Pretraining and Updating Language- and Domain-specific Large Language Model: A Case Study in Japanese Business Domain

2404.08262

YC

0

Reddit

0

Published 4/17/2024 by Kosuke Takahashi, Takahiro Omi, Kosuke Arima, Tatsuya Ishigaki

💬

Abstract

Several previous studies have considered language- and domain-specific large language models (LLMs) as separate topics. This study explores the combination of a non-English language and a high-demand industry domain, focusing on a Japanese business-specific LLM. This type of a model requires expertise in the business domain, strong language skills, and regular updates of its knowledge. We trained a 13-billion-parameter LLM from scratch using a new dataset of business texts and patents, and continually pretrained it with the latest business documents. Further we propose a new benchmark for Japanese business domain question answering (QA) and evaluate our models on it. The results show that our pretrained model improves QA accuracy without losing general knowledge, and that continual pretraining enhances adaptation to new information. Our pretrained model and business domain benchmark are publicly available.

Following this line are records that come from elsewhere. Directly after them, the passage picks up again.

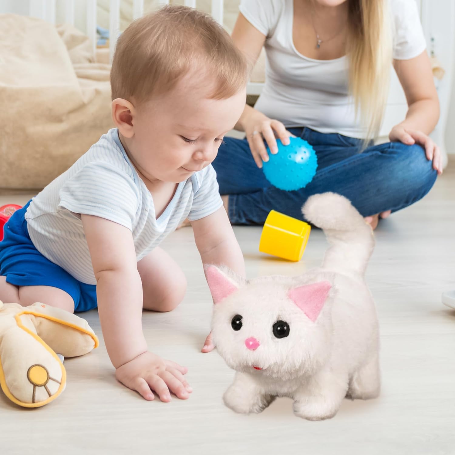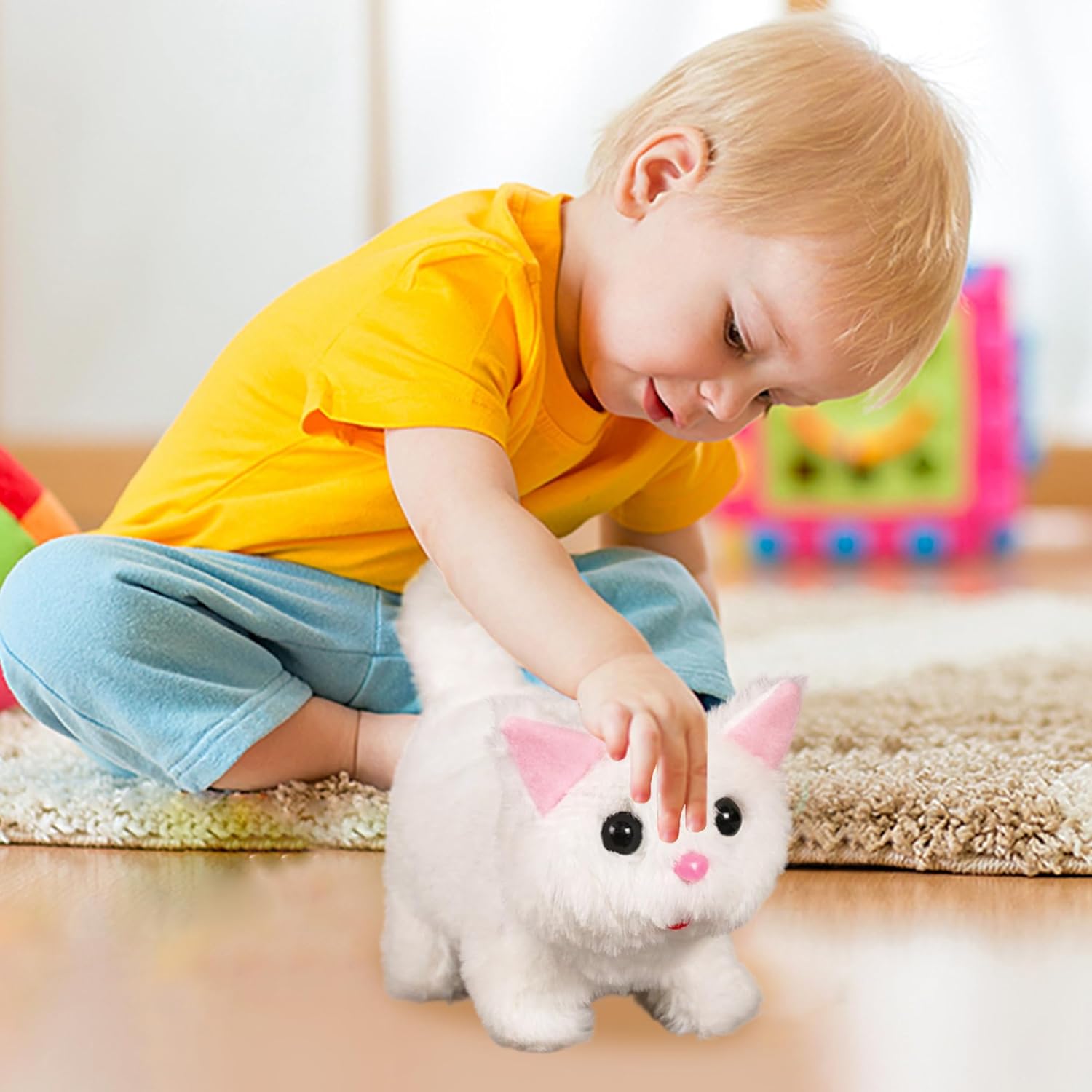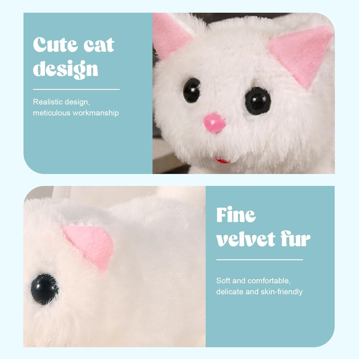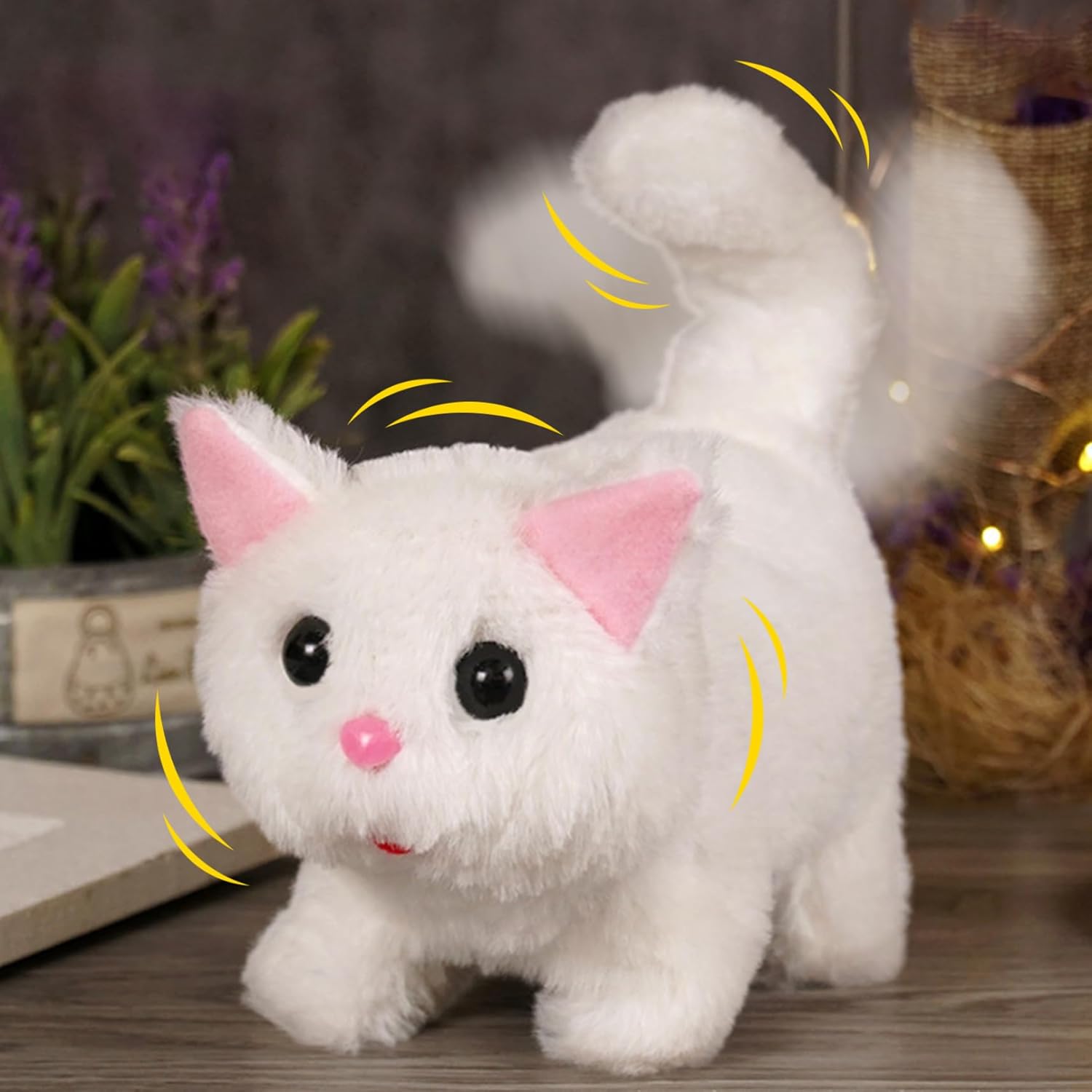 Comodità alimentata a batteria: alimentato da 2 batterie AA e dotato di un cacciavite per un facile accesso, questo giocattolo elettrico per gatti consente un funzionamento senza problemi e una configurazione rapida, offrendo ore di divertimento senza le interruzioni di un'installazione complicata. Materiale morbido: realizzato in poliestere, questo gatto di peluche è eccezionalmente morbido, sicuro e comodo al tatto, rendendolo ideale per i bambini da coccolare e divertirsi durante il gioco o prima di andare a dormire..La lavorazione stabile garantisce un divertimento duraturo. Regalo perfetto per tutte le età: che tratti di bambini, familiari o amanti dei gatti, questo incantevole peluche elettrico per gatti è un regalo premuroso e unico, ideale per compleanni, vacanze o occasioni speciali, che porterà sorrisi e calore. Esperienza interattiva realistica: questo animale di peluche per gatti presenta azioni realistiche di camminata, miagolio e scodinzolamento, creando un'interazione coinvolgente e realistica con l'animale domestico che delizia sia i bambini che le famiglie..Perfetto per dare vita a un compagno giocoso senza la necessità di una vera cura dell'animale domestico. Educativo e divertente: questo gatto robot interattivo aiuta i bambini a sviluppare capacità emotive, responsabilità e gioco fantasioso, rendendolo un ottimo strumento per lo sviluppo della prima infanzia pur intrattenendoli.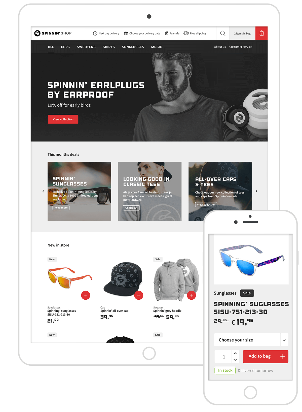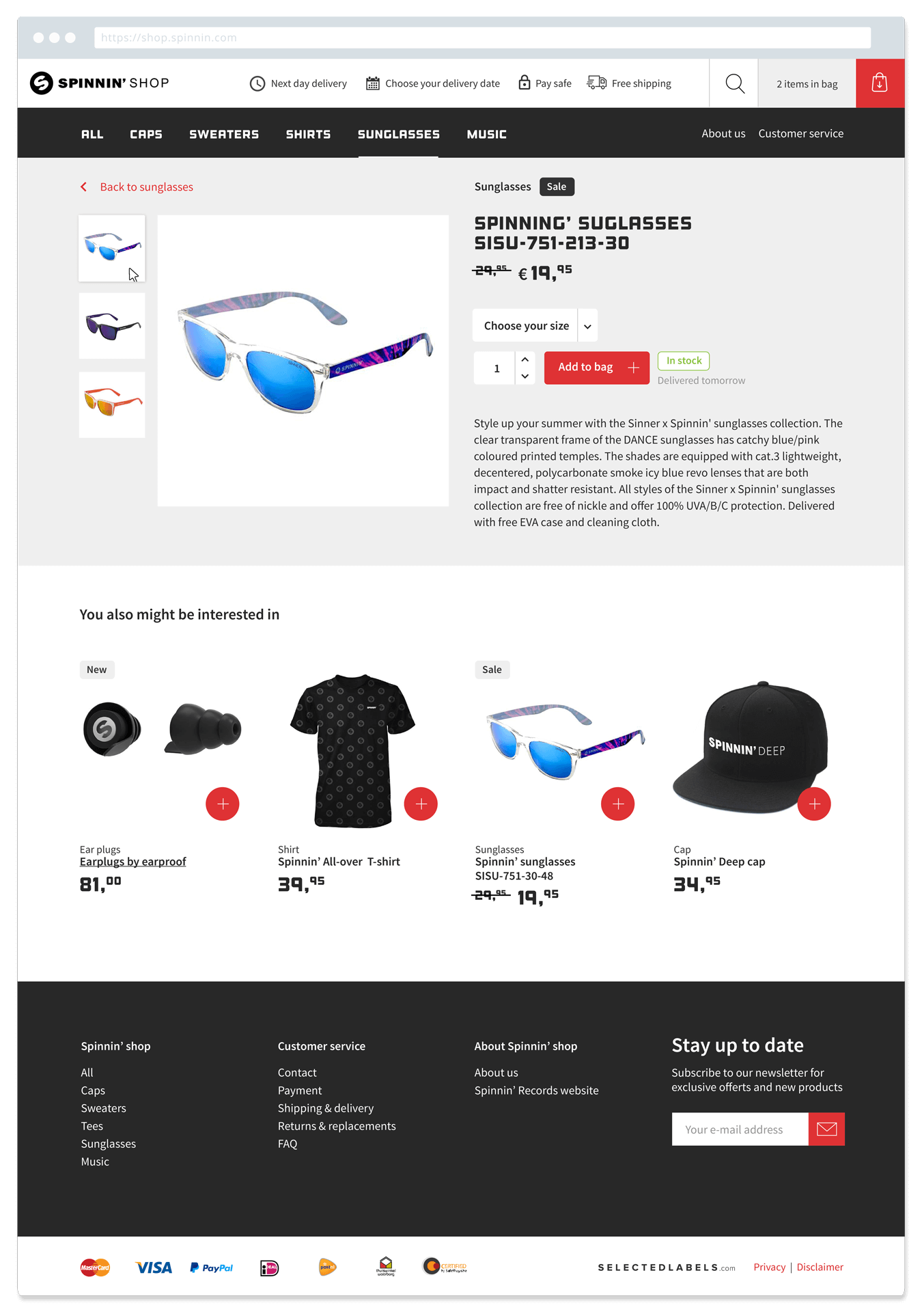 Omdat merchandise direct vanuit de verschillende merken (DJs, festivals, labels) aangeboden dient te worden vroeg Selected Labels ons een universele oplossing te bedenken voor het aanbieden van merchandise vanuit verschillende merken, én met behoud van identiteit van die merken.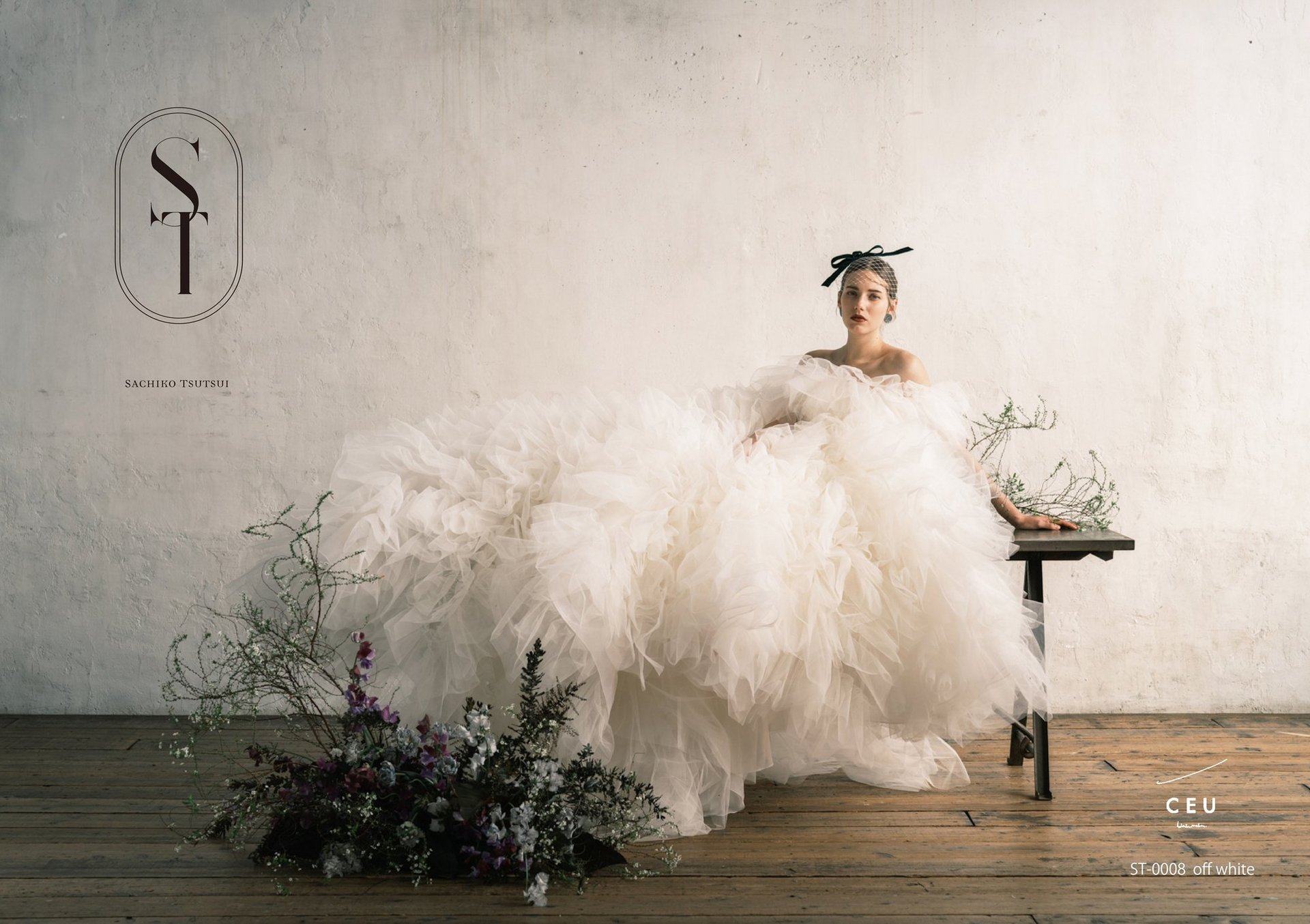 デザイナーとしての想い、20 年という時のなかで培ってきた経験と技術、そして“好き”を詰め込み、作りたいものと今の花嫁が求めているもの、そのイメージを膨らませて【 SACHIKO TSUTSUI 】は作られています。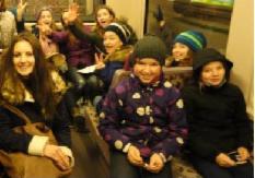 Die Fußballerinas auf dem Weg zum Dom.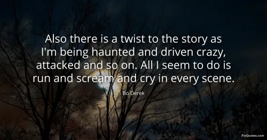 Derek, Bo. (2026, January 17). Also there is a twist to the story as I'm being haunted and driven crazy, attacked and so on. All I seem to do is run and scream and cry in every scene. FixQuotes. https://fixquotes.com/quotes/also-there-is-a-twist-to-the-story-as-im-being-49322/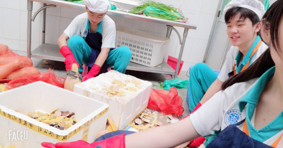 一天下来,虽然不轻松,但我们也确实学到了许多东西,不得不说饭堂的叔叔阿姨非常热心,不仅仔细地给我们讲解怎么切菜,制作点心,还会给我们分好吃的!强烈推荐饭堂部门!!只要你有兴趣,“饭堂欢乐一日游”不是问题 o(∩_∩)o ~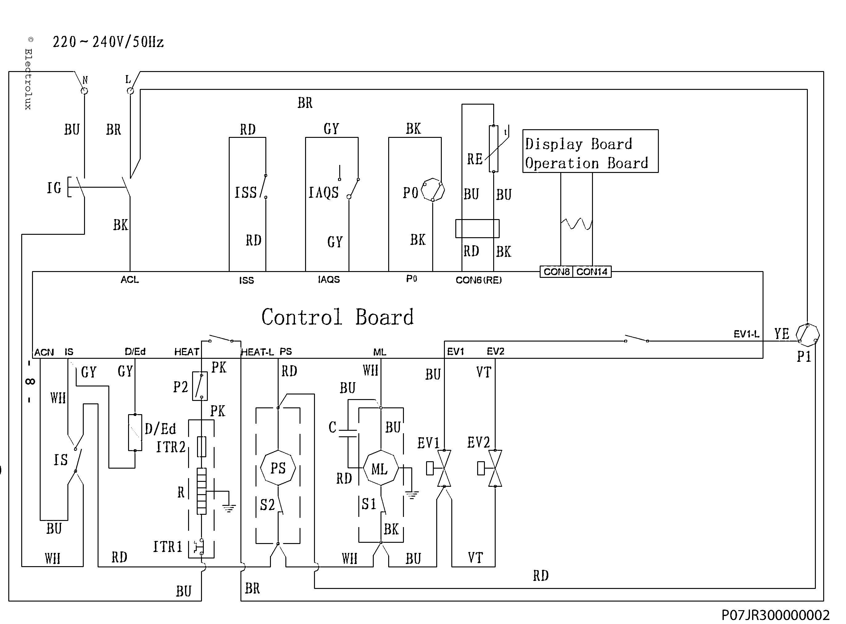 Както се вижда от схемата нагревателя има две защити ITR1 и ITR2 и е последователно свързан към мрежовото захранване (L и N) през защитите, пресостата Р2 (на тройника) и контактите на релето за нагревателя.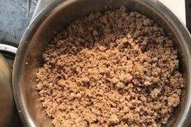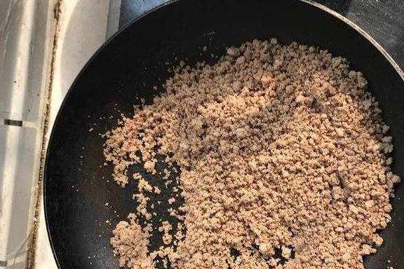 5.将搅拌好的肉放入平底锅,小火翻炒至干,香喷喷的肉松就出锅了。夾在馒头面包蛋糕中间都是极好的,小一点的孩子也可以放在稀饭里面。如果孩子还没有吃盐,直接不要放酱油之类的调味品即可。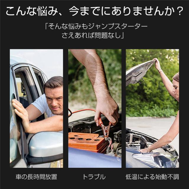 【安全保護&PSE認証】PSE認証済み製品です。高品質のリチウムバッテリーとスマートクランプを採用することにより、安全保護機能を大幅に向上しました。不当操作とサージ電圧などによる短絡/逆接続/過放電/過電流/逆電流/逆極性/過充電などを防止して、本製品やカーバッテリーや、充電対象デバイスを保護できます。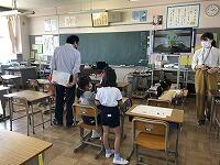 健康観察の取りまとめや、家庭との連絡業務、校舎内の換気や清掃・消毒などの感染症対策、配膳室の準備・片付け・清掃等の業務を中心にサポートしていただきます。全学年児童とのかかわりがあるので、業間の時間に体育館で「臨時集会」を行い、全校児童に紹介しました。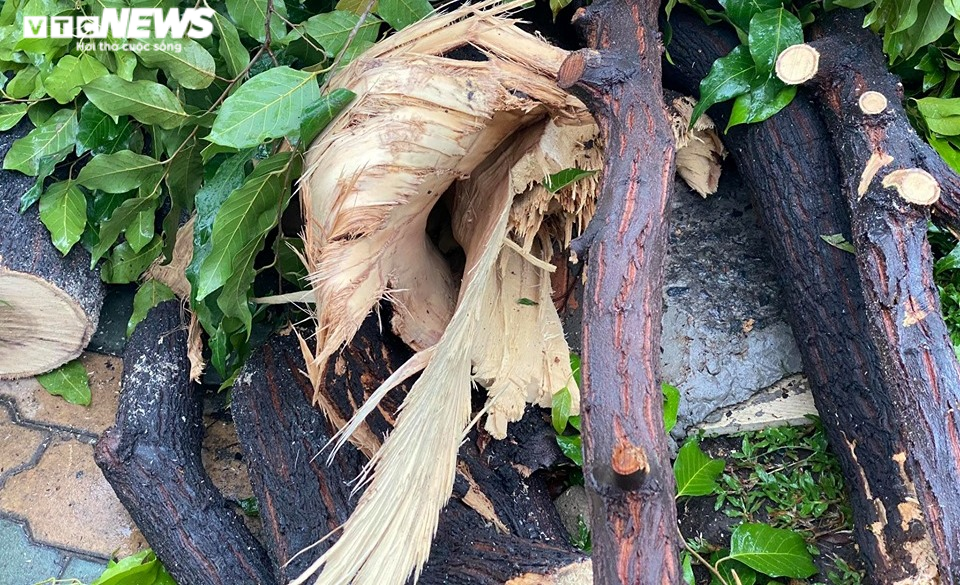 Cây xanh bật gốc, nhành cây gãy đổ xuống đất.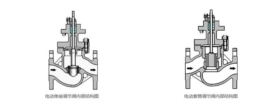 從應用上:電動單座調節閥只適合用在低流速的場合;而電動套筒調節閥能夠很好的阻擋住介質對閥座和閥芯的沖擊磨損,適合高流速場合。
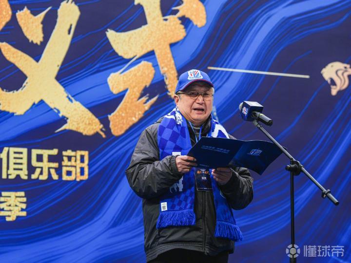 出征仪式上,俱乐部董事长谷际庆作动员讲话。他首先向长期以来一直信任支持申花俱乐部的各级领导、赞助商、合作伙伴、媒体、球迷朋友们致以衷心的感谢。谷际庆表示,社会赋予申花的托付与责任,申花之于足球的价值与承诺,都远超于一场比赛的胜利。新赛季就在眼前,今年我们将背负着前所未有的压力起步,只有每天脚踏实地努力工作,站稳脚跟,才有资格有机会去展望未来。久久为功,事在人为,新赛季我们无惧风雨,负重前行,申城之花依旧会绽放,我们的梦想一定会实现!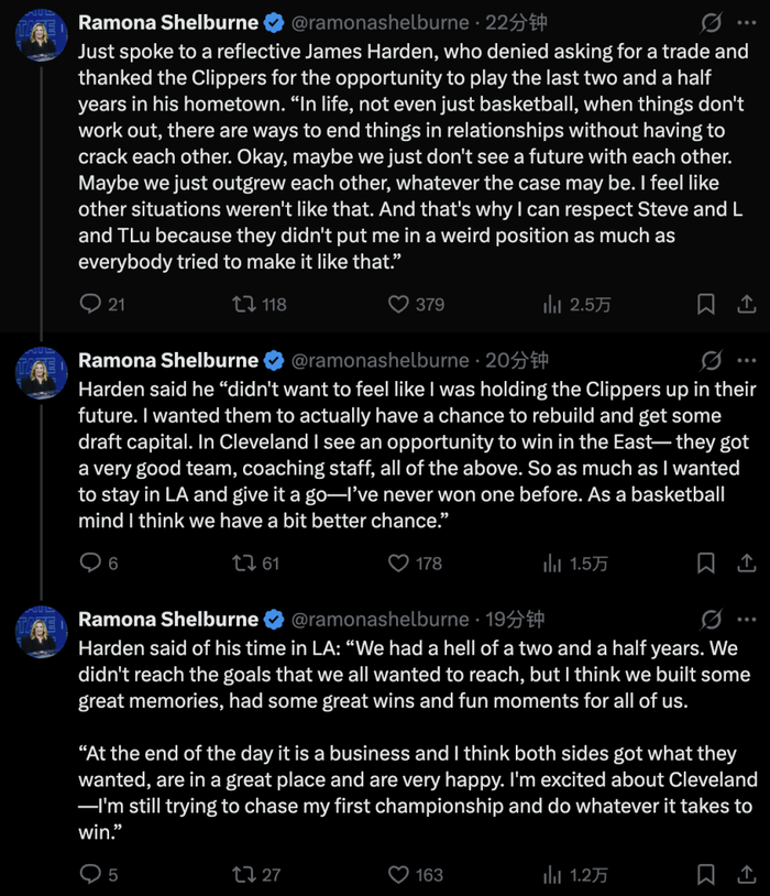 据ESPN记者Ramon Shelburne报道,他与哈登进行私下谈话,哈登否认自己要求交易,并感谢快船给他过去两年半在家乡打球的机会。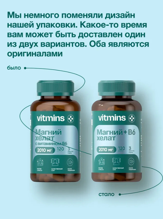 Хелатная форма магния, в частности магний глицинат и бисглицинат, обеспечивает лучшую усвояемость и эффект, так как магний связывается с органическими соединениями, что облегчает его транспортировку и поглощение клетками. Добавка vitmins с магнием хелатом и витамином В6 способствует улучшению энергетического обмена, снижению уровня усталости и поддержанию нормального психоэмоционального состояния.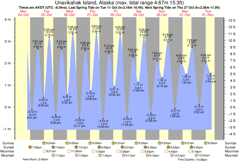 Tide Times are AKST (UTC -9.0hrs). Last Spring High Tide at Unavikahak Island was on Fri 05 Dec (height: 3.69m 12.1ft). Next high Spring Tide at Unavikahak Island will be on Sat 20 Dec (height: 3.13m 10.3ft).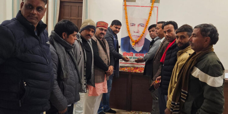 कन्नौज। आज समाजवादी पार्टी कार्यालय पर भारत रत्न, देश के पूर्व प्रधानमंत्री, किसानों, मजदूरों, पिछड़ों, दलितों, के मसीहा, गाँव, गरीब की आवाज पूर्व प्रधानमंत्री स्वर्गीय चौधरी चरण सिंह की जयंती ‘किसान दिवस’ के रूप में सपा जिलाध्यक्ष मोहम्मद कलीम खान के नेतृत्व में आयोजित किया गया इस अवसर पर  समाजवादी पार्टी के वरिष्ठ नेताओं, पदाधिकारियों, कार्यकर्ताओं ने चौधरी चरण सिंह के चित्र पर पुष्प अर्पित करके अपने श्रद्धा सुमन अर्पित किए और उन्हें नमन किया।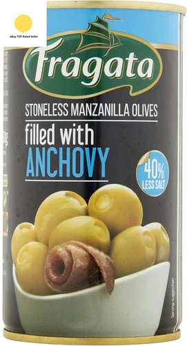 Stoneless Olives Filled with Anchovy (Low Salt) (8X350G Case)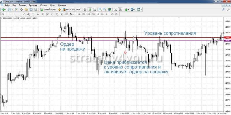Чтобы открыть сделку при отскоке от уровня поддержки или сопротивления, используют отложенные ордера. Если трейдер ждет продолжения тренда, то отбой случится при флете и сделки получаются краткосрочными, дают минимум прибыли, поэтому в таком случае часто открывают много позиций. Стиль торговли рискованный, новичкам его использовать не советуют.

Create account to get full access

or

If you already have an account, we'll log you in

Overview

  • The paper explores pretraining and updating a large language model (LLM) for the Japanese business domain.
  • The researchers used an existing LLM and further trained it on a domain-specific corpus to create a more specialized model.
  • They evaluated the performance of the updated model on various tasks relevant to the Japanese business domain.

Plain English Explanation

In this study, the researchers wanted to create a language model that would be particularly useful for understanding and generating text in the Japanese business domain. They started with an existing large language model, which is a powerful AI system trained on a vast amount of text data from the internet.

To make this model more specialized for business tasks, the researchers gave it additional training using a dataset focused on Japanese business documents, such as financial reports, industry news, and business correspondence. This additional training, called "pretraining," allows the model to learn the unique vocabulary, writing style, and topics that are common in the Japanese business world.

After pretraining, the researchers tested the updated model on a variety of tasks related to the Japanese business domain, such as summarizing financial reports, generating business emails, and answering questions about industry trends. They found that the updated model performed better on these business-focused tasks compared to the original, more general-purpose language model.

The key insight here is that while large language models can be very powerful, they may not be optimally suited for specific domains or tasks. By further training these models on domain-specific data, researchers can create more specialized and effective AI systems for real-world applications, such as assisting with business operations or automating certain business processes.

Technical Explanation

The researchers used an existing large language model as a starting point and further trained it on a dataset of Japanese business documents, including financial reports, industry news, and business correspondence. This additional pretraining step allowed the model to learn the unique vocabulary, writing style, and topical focuses that are common in the Japanese business domain.

After pretraining, the researchers evaluated the updated model's performance on a variety of business-related tasks, such as summarizing financial reports, generating business emails, and answering questions about industry trends. They compared the updated model's performance to the original, more general-purpose language model and found that the specialized model achieved better results on the business-focused tasks.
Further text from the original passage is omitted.